# Data shown
= = = = =
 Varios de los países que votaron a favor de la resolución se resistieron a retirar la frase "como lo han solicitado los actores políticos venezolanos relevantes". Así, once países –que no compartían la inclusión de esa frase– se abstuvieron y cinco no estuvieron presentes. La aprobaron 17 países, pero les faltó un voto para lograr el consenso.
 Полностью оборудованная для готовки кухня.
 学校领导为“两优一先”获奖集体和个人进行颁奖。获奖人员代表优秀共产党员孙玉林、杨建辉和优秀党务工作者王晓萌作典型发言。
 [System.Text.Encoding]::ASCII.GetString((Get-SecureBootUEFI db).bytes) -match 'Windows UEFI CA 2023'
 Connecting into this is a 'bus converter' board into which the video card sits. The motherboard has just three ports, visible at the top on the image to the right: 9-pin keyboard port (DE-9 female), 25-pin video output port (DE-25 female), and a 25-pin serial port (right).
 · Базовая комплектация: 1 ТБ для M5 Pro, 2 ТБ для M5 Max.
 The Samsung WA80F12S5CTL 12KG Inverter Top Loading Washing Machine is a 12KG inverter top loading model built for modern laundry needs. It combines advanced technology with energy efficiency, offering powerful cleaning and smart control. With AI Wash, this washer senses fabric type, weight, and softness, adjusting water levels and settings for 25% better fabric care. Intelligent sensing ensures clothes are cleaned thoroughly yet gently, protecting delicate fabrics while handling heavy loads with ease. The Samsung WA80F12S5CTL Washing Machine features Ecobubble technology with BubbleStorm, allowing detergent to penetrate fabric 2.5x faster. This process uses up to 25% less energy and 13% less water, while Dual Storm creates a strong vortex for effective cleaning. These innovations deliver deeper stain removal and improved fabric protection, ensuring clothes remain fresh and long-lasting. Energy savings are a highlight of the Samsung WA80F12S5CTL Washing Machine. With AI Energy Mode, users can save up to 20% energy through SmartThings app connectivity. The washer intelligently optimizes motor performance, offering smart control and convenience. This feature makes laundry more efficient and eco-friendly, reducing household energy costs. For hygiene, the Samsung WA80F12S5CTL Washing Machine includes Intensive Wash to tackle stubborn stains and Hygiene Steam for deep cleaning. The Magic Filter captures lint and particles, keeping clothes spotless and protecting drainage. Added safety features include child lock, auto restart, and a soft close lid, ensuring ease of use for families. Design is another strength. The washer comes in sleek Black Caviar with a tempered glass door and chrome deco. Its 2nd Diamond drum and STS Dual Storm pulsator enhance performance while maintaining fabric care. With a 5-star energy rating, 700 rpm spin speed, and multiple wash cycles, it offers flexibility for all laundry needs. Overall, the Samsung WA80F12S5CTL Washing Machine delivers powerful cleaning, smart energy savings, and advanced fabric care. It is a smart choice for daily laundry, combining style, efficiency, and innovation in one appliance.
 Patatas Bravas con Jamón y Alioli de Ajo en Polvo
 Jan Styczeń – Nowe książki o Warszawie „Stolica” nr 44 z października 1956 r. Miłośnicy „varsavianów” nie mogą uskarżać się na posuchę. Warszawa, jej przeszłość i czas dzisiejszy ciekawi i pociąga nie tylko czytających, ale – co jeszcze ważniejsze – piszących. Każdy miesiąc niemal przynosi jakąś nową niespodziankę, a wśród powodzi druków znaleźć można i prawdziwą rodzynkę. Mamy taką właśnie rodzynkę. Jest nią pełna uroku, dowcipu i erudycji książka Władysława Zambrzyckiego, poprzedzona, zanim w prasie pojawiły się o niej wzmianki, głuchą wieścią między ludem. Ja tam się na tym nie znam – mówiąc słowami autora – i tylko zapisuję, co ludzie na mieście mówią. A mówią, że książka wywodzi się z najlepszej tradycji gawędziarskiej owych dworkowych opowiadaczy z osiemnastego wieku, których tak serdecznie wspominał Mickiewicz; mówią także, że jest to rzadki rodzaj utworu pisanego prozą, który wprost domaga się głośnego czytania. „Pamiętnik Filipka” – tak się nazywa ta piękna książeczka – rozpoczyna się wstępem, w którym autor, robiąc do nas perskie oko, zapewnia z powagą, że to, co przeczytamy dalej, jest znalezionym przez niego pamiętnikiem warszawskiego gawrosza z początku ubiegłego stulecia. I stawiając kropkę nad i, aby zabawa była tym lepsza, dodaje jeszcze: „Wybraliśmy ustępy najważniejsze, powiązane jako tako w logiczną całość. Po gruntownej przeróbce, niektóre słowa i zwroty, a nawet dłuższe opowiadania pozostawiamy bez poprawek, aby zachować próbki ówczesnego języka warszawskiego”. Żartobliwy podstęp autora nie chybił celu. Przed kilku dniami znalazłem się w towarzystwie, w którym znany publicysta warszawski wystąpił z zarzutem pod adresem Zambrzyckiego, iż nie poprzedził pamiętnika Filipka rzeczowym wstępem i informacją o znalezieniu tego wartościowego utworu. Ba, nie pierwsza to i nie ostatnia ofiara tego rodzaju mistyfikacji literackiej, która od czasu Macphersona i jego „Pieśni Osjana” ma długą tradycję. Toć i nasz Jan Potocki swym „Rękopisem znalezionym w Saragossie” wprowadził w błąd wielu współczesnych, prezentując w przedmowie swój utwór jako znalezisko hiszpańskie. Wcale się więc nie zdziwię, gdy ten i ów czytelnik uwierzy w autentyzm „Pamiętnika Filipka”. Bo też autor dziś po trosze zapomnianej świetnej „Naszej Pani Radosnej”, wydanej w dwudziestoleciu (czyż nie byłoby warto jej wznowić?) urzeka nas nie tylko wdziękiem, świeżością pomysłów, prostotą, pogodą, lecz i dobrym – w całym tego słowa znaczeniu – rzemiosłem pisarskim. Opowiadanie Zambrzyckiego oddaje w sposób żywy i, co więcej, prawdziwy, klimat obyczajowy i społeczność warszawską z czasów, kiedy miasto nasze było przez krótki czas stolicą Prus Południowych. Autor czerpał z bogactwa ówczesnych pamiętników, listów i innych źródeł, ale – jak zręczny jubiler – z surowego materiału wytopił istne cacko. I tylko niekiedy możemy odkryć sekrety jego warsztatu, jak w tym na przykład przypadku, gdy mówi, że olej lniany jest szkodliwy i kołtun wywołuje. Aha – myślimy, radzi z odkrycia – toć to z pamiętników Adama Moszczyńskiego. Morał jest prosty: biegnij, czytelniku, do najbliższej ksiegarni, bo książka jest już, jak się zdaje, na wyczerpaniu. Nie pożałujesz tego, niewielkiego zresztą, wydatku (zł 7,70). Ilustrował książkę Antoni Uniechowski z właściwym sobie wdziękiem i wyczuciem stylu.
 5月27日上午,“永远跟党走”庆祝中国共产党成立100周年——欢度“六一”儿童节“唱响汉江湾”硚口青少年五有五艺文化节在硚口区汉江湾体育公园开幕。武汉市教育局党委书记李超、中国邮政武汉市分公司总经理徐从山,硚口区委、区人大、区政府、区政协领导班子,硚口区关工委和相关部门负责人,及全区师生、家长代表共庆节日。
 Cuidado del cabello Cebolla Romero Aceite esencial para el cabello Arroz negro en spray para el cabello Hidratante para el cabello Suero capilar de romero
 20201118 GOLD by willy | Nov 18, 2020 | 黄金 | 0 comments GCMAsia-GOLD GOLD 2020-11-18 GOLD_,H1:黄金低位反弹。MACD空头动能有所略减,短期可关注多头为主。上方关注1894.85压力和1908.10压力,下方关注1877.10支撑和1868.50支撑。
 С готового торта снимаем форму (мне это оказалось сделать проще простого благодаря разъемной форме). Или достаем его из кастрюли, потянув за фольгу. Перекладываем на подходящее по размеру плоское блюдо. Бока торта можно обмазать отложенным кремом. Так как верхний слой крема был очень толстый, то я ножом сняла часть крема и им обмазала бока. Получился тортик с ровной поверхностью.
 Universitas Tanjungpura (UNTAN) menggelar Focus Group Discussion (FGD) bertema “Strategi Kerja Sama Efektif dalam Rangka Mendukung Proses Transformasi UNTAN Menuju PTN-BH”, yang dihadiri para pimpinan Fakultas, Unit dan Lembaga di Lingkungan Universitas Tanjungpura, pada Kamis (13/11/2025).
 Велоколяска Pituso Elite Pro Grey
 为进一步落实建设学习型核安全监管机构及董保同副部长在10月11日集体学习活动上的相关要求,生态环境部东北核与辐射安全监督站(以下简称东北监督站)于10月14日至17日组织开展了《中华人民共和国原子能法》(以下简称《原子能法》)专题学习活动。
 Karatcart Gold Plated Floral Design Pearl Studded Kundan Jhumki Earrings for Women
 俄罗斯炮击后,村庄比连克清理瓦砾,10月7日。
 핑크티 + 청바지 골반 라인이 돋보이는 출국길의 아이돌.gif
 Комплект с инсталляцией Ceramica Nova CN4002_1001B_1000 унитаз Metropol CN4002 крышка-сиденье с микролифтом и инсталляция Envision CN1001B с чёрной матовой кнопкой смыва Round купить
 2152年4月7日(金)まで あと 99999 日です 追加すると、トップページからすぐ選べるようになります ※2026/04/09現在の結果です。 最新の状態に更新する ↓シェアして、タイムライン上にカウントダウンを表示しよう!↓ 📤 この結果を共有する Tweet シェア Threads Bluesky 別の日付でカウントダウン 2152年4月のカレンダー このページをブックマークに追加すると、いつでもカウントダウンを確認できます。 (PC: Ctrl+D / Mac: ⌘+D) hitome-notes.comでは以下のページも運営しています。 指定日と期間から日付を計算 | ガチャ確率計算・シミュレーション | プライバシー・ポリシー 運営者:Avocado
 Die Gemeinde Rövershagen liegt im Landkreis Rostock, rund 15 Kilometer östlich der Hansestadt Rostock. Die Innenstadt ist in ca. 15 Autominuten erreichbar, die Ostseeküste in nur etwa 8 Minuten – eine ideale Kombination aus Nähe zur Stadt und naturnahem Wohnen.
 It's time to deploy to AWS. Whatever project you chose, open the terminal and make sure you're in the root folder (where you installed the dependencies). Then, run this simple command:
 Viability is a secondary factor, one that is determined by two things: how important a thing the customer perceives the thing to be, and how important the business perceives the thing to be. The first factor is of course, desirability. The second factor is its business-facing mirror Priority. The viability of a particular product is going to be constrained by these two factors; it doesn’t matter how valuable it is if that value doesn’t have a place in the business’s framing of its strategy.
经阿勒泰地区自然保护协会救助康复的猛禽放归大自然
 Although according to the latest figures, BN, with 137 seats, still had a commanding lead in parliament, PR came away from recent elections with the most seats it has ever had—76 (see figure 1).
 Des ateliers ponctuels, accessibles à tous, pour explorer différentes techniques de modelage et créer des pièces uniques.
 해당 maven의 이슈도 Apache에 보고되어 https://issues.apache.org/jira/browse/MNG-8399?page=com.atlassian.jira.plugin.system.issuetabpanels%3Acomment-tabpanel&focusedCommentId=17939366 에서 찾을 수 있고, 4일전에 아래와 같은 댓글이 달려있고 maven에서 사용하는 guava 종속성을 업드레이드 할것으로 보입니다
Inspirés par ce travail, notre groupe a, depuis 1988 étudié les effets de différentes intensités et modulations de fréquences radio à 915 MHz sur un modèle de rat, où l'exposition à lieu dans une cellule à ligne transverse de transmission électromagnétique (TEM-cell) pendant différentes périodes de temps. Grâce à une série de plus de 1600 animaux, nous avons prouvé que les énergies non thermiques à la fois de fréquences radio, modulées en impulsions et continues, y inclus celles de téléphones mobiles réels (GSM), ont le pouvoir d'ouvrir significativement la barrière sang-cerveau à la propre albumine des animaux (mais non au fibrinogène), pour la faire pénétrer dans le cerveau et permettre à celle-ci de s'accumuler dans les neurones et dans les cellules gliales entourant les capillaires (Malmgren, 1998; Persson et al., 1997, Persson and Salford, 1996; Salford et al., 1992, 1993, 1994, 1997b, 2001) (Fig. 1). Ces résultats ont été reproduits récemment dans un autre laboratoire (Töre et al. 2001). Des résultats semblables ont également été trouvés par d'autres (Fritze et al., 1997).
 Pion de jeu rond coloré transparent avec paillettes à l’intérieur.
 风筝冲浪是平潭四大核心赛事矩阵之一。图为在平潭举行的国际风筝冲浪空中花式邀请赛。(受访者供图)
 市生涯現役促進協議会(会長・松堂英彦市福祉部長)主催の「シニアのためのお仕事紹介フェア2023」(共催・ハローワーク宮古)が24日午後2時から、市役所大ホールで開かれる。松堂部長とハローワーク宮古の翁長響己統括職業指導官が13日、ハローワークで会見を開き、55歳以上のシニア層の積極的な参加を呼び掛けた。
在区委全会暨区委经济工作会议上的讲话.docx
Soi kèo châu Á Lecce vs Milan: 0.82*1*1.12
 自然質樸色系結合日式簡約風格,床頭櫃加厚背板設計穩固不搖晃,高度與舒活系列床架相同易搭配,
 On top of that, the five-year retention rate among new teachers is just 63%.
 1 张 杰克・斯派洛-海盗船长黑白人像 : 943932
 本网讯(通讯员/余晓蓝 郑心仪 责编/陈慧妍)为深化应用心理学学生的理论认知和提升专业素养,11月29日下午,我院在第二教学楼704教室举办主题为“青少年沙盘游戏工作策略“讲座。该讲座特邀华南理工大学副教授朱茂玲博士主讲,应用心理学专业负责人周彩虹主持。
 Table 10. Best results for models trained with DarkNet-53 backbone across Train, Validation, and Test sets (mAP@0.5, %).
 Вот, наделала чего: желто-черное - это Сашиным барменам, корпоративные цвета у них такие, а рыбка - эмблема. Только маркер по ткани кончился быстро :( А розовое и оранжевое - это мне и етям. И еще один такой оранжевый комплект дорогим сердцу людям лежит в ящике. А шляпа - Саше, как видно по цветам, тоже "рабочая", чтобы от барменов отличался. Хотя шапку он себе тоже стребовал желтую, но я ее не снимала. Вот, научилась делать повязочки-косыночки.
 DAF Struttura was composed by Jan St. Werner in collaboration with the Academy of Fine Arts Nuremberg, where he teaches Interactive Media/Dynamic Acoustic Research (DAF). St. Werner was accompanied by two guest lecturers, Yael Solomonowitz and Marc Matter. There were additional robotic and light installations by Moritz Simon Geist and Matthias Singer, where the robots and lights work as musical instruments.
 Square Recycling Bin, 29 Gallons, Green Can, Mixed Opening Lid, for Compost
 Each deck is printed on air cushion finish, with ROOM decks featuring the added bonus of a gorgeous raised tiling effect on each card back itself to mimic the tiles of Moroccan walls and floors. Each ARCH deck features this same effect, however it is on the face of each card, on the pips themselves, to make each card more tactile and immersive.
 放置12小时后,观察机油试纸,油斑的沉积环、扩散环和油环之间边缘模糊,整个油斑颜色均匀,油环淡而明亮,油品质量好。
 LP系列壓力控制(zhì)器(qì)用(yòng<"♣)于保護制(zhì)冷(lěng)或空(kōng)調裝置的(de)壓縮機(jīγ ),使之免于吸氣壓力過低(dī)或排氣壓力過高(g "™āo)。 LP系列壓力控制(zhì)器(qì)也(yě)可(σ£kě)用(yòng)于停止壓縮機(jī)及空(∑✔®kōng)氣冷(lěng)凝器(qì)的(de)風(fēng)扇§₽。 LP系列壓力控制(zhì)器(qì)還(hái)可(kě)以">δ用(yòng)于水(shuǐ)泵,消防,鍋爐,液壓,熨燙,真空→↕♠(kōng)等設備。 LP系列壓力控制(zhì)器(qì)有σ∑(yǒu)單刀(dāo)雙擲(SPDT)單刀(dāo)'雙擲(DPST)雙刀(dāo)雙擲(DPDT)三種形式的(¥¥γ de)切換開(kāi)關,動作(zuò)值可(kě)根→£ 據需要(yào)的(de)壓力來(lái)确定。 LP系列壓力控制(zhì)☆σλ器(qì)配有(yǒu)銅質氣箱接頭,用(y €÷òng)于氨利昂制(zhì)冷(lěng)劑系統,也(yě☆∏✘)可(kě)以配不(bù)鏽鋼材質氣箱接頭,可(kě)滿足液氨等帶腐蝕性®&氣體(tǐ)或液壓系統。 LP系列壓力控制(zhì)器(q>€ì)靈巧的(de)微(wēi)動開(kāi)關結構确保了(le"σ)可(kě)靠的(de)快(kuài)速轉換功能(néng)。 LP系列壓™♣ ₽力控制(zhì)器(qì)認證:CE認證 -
= = = = =
# Required action
Nothing but the exact lines from the start of the material through the line holding "UEFI CA 2023'", both included, belongs in the answer.

# Your solution
 Varios de los países que votaron a favor de la resolución se resistieron a retirar la frase "como lo han solicitado los actores políticos venezolanos relevantes". Así, once países –que no compartían la inclusión de esa frase– se abstuvieron y cinco no estuvieron presentes. La aprobaron 17 países, pero les faltó un voto para lograr el consenso.
 Полностью оборудованная для готовки кухня.
 学校领导为“两优一先”获奖集体和个人进行颁奖。获奖人员代表优秀共产党员孙玉林、杨建辉和优秀党务工作者王晓萌作典型发言。
 [System.Text.Encoding]::ASCII.GetString((Get-SecureBootUEFI db).bytes) -match 'Windows UEFI CA 2023'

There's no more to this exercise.